Alerting based on monitoring logs

A logs-based alerting component, ElastAlert, is part of the IBM FCI logging stack. Using ElastAlert, you can add specific rules to monitor the logs and alert, based on the rules configured. IBM FCI does not ship any concrete rules; however, IBM FCI has a rule that traps the errors and exceptions in the message log of the Case Manager fci-solution.

Procedure

To add a new rule to ElastAlert:

  1. Create a custom_rule_name.yaml file based on the ElastAlert Rule Types and Configuration Options documentation.
  2. To get the Elasticsearch query/filter correct for filtering the IBM FCI logs, test the QueryDSL in the Kibana under the Filebeat index pattern.
    Note: You can configure the alert section to perform useful tasks on rule violation. See #task_eyk_sc3_nhb for details.
  3. When the rule file is complete, follow these steps to add the rule to ElastAlert:
    1. Scale down the ElastAlert deployment:
      kubectl scale deploy fci-logging-elastalert --replicas 0
    2. Put the rule file in the Persistent Volume mount of ElastAlert in the nfsserver(fci-elastalert-data).
    3. Start the ElastAlert pod:
      kubectl scale deploy fci-logging-elastalert --replicas 1
      If the ElastAlert pod fails to start, check the logs using the following command:
      kubectl logs $(kubectl get pods -l app=logging-elastalert | grep elastalert | awk '{ print $1 }’)
      The generic log states that the rule file is invalid.
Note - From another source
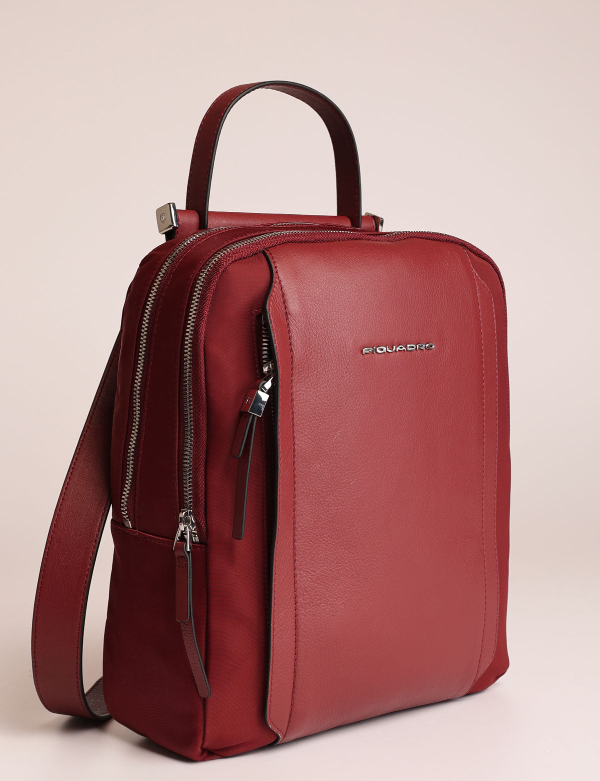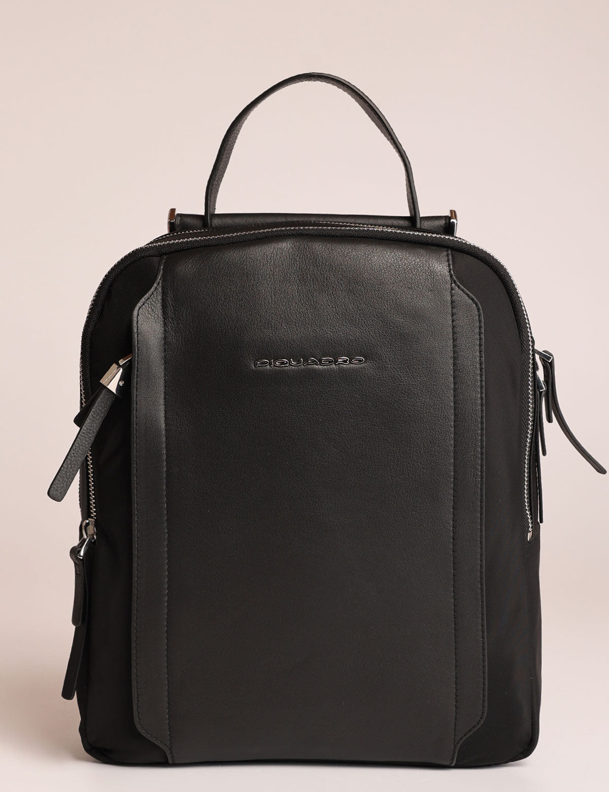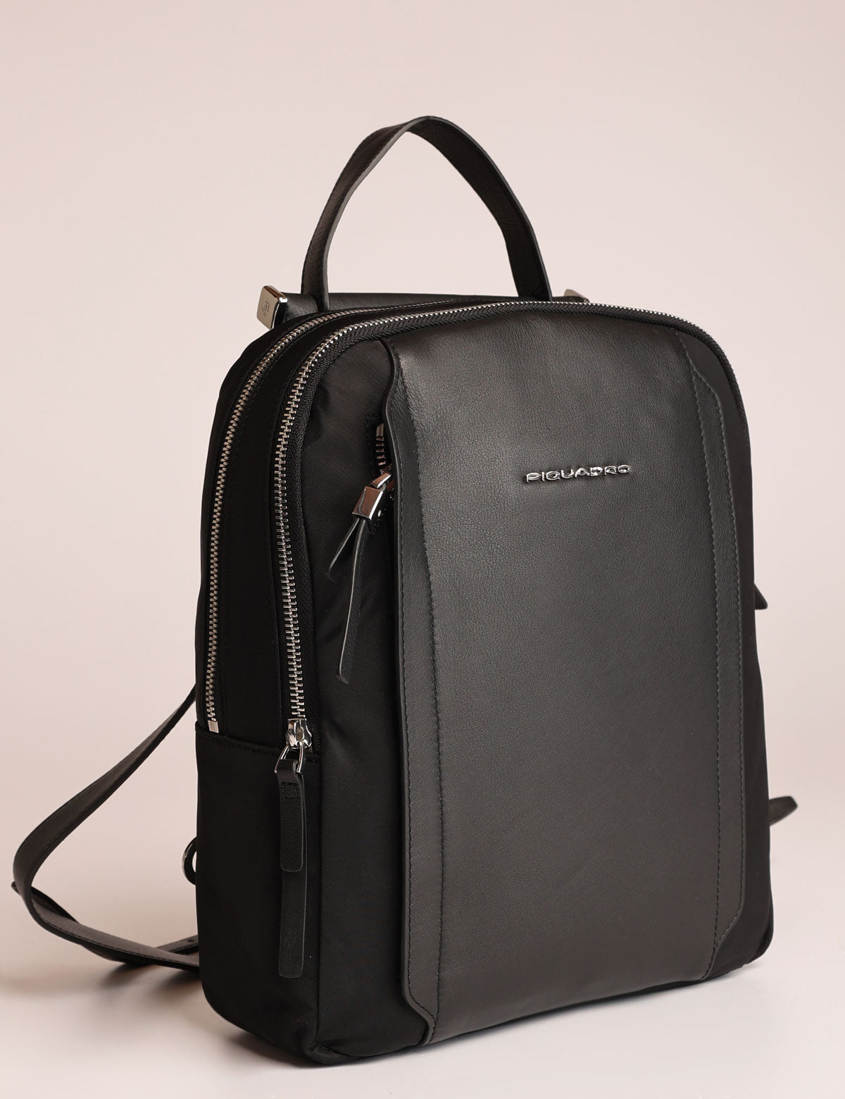 Zaino in tessuto e pelle Piquadro da donna, modello dotato di scomparto porta tablet fino a 12 pollici

Verify the rule file again and repeat this process.

Results

After the pod is restarted, you can see the alerts as described in #task_eyk_sc3_nhb. Here is an example of a Frequency Based alert:
```
#Rule Name
name: Case-Manager-Exceptions
 
# Type of alert.
# the frequency rule type alerts when num_events events occur with timeframe time
type: frequency
 
# (Required)
# Index to search, wildcard supported
index: filebeat*
 
# (Required, frequency specific)
# Alert when this many documents matching the query occur within a timeframe
num_events: 1
 
# (Required, frequency specific)
# num_events must occur within this amount of time to trigger an alert
timeframe:
  hours: 1
 
# By setting realert, you will prevent the same rule from alerting twice in an amount of time.
realert:
  minutes: 0
 
# The aggregation feature will take every alert that has occured over a period of time and send them together in
# one alert.
aggregation:
  hours: 2
 
# (Required)
# A list of Elasticsearch filters used for find events
# These filters are joined with AND and nested in a filtered query
# For more info: http://www.elasticsearch.org/guide/en/elasticsearch/reference/current/query-dsl.html
filter:
- query:
    bool:
      must:
      - match:
          kubernetes.labels.app: "case-manager-fci-solution"
      - match:
          kubernetes.container.name: "message-log"
      - bool:
          should:
          - match_phrase:
              message: "exception"
          - match_phrase:
              message: "error"

# (Required)
# The alert is use when a match is found
alert:
  - command
command: ["echo", "case-manager error"]
```

For detailed information about configuration parameters, refer to ElastAlert documentation.